Наконец он нашёл искомое и засел, защёлкнувшись на защёлку.

Миша высунулся из комнаты.

- Что за зверь? - поинтересовался он.

Ему ответил низкий трескучий звук, просочившийся сквозь дверь туалета, - будто неумелый трубач примеривается к новому инструменту.

Антонина глуповато хихикнула.

- Обосрался? - спросил её Миша.

Она кивнула и рассмеялась, не удержавшись.

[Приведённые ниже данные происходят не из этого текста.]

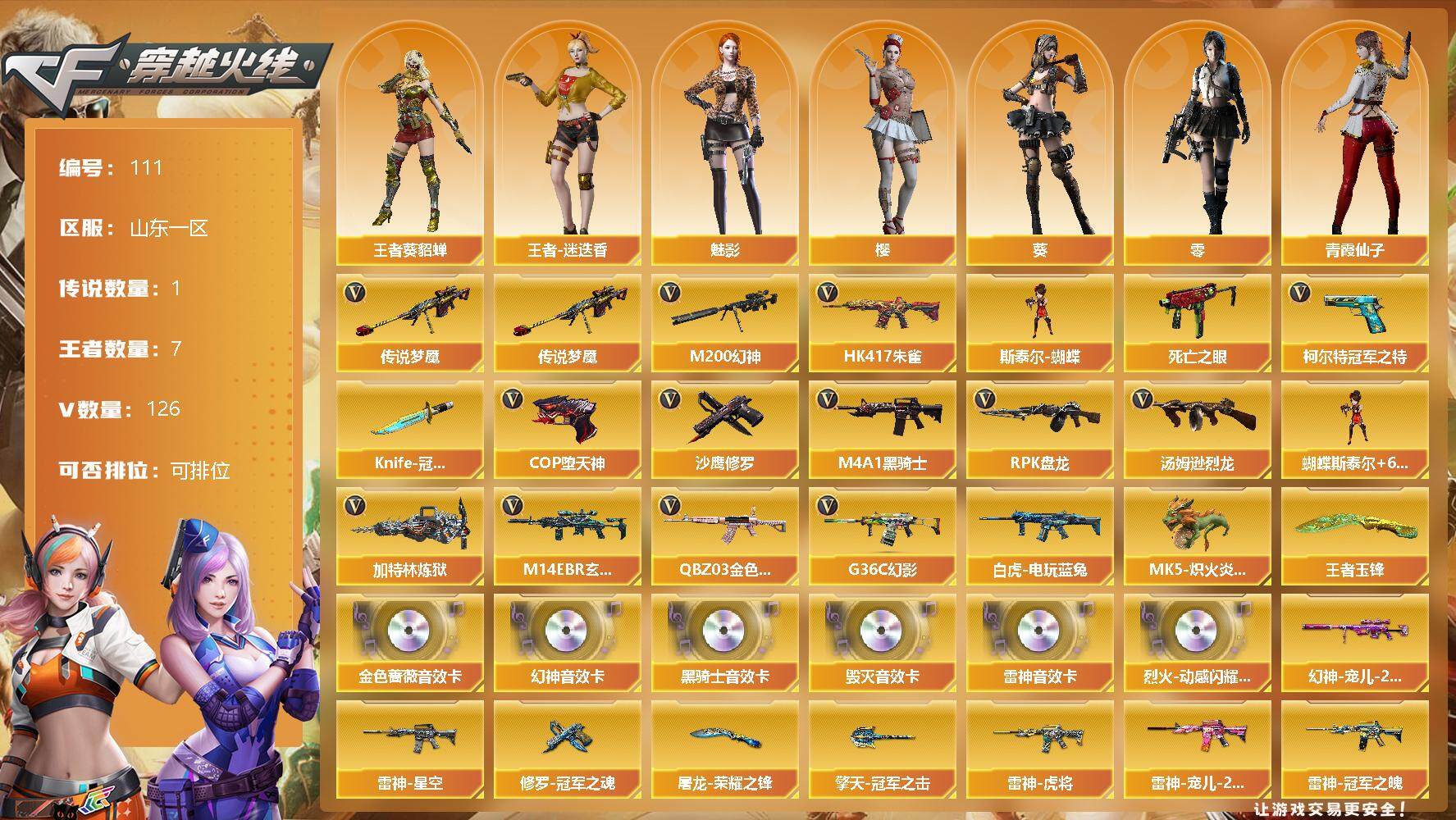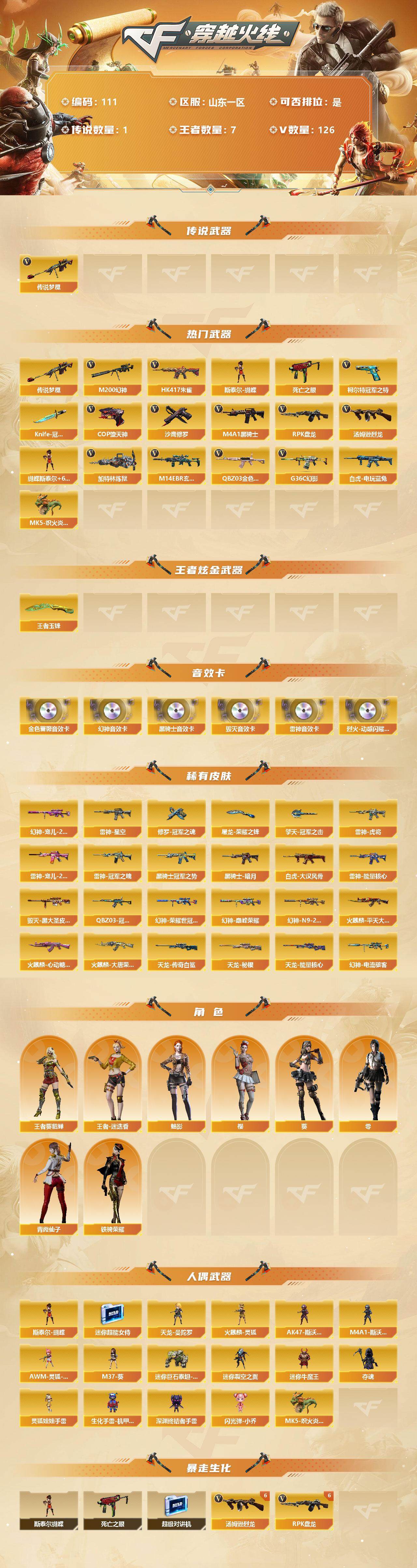 [12714204]山东一区-126V-7王者-0炫金 【传说武器】:传说梦魇 【热门武器】:传说梦魇,G36C-幻影,QBZ03-金色蔷薇,M14EBR-玄武,HK417-朱雀,M200-幻神,死亡之眼,白虎-电玩蓝兔,柯尔特-冠军之特,M4A1-黑骑士*2,汤姆逊-烈龙*6,RPK-盘龙*6,加特林-炼狱*2,斯泰尔-蝴蝶,MK5-炽火炎龙,COP-堕天神,沙鹰-修罗*2,Knife-冠军之刃 【王者炫金武器】:王者玉锋 【音效卡】:烈火-动感闪耀 音效卡,M200-幻神音效卡,M4A1-雷神音效卡,M4A1-黑骑士音效卡,Barrett-毁灭音效卡,QBZ03-金色蔷薇音效卡 【稀有皮肤】:幻神-宠儿-2021MVP,幻神-巅峰荣耀,M200-幻神-荣耀世冠白鲨,M200-幻神-N9-2022MVP,幻神-电流骇客 皮肤,白虎-大汉风骨,QBZ03-冠军之薇,雷神-能量核心,雷神-星空*2,雷神-虎将,雷神-冠军之魄,雷神-宠儿-2019MVP,火麒麟-平天大圣,火麒麟-大唐荣光,火麒麟-心动糖果,黑骑士-暗月*2,黑骑士-冠军之势,毁灭-黑大圣皮肤,天龙-秘银,天龙-能量核心,AWM-天龙-传奇白鲨,修罗-冠军之魂,屠龙-荣耀之锋,擎天-冠军之击 【角色】:王者-葵-貂蝉,王者-迷迭香,零,葵,樱,魅影,铁骑荣耀,青霞仙子 【人偶武器】:MK5-炽火炎龙,斯泰尔-蝴蝶,天龙-曼陀罗,火麒麟-灵狐,AK47-斯沃特,M4A1-斯沃特,AWM-灵狐-15周年嘉年华,M37-葵,迷你超能女侍,迷你巨石泰坦-魔花研究所,迷你裂空之翼,迷你牛魔王,夺魂,灵狐娃娃手雷,生化手雷-机甲核心,深渊终结者手雷,闪光弹-小乔 【暴走生化】:斯泰尔-蝴蝶,死亡之眼,超级对讲机 【挑战大师】:神圣爆裂者III,神圣爆裂者-末日III,激光毁灭者III,VEPR-12-金魔,激光毁灭者III-白马银枪,冰龙粉碎者-白马银枪 【英雄级武器】:M4A1-神工天巧,USP-神工天巧*2,唐刀-神工天巧,柯尔特-电竞装甲,马来剑-夜魔,COP-堕天神,麒麟刺-堕天神,斩神刀-雷暴,M4A1-武圣,烈火-动感闪耀,天神-动感闪耀,屠龙-动感闪耀,手雷-动感闪耀,G36C-幻影,QBZ03-金色蔷薇,M14EBR-玄武,HK417-朱雀,白虎-电玩蓝兔,无影-神兵利器,M4A1-雷神*4,M4A1-黑龙,M4A1

Справив дело, Александр Лаврентьевич замурлыкал про отважного капитана, вышел из домашней кабинки и увидел внука Антонины Васильевны.

- Как успехи на трудовом фронте, молодой человек? - Александр Лаврентьевич твёрдым шагом сократил расстояние между собой и новым для себя персонажем до длины вытянутой руки. - А на личном? - Он ему подмигнул и схватил Мишину руку, накрыв её целиком ладонью своей левой руки.

Мишино лицо посерело. Он выдернул ладонь из ловушки, в которую она угодила, боком проскользнул в ванную, закрылся и пустил воду.

- Однако молодежь нынче пошла, - скривился Александр Лаврентьевич, шевеля челюстью. - Ей руку, а она - фигу. Это кто? - кивнул он на ванную.

- Миша, внук. - Антонина взяла торт и цветы. - Здесь тапки, вода вон там, руки помыть, пока ванная занята, - показала она гостю на кухню.

- Интересно. А где же его мамаша? - Он её как будто не слышал. - Почему он не с ней, а с тобой? Интересно.

Он нагнулся за тапками, торчащими из-под низкой тумбочки, взял их в руки, с подозрением оглядел и убрал на место.

- Я в носках похожу, пол, гляжу, вроде чистый, а носки свежие, я несвежие не люблю, каждый день меняю их, так что за чистоту не бойся.

- Как хотите, мне всё равно, хоть в уличных ботинках ходите. - Антонина прошла на кухню, взяла вазу, набрала в неё из крана воды. Обрезала у стеблей концы и поставила букет в вазу. - Борщ будете? На второе макароны по-флотски.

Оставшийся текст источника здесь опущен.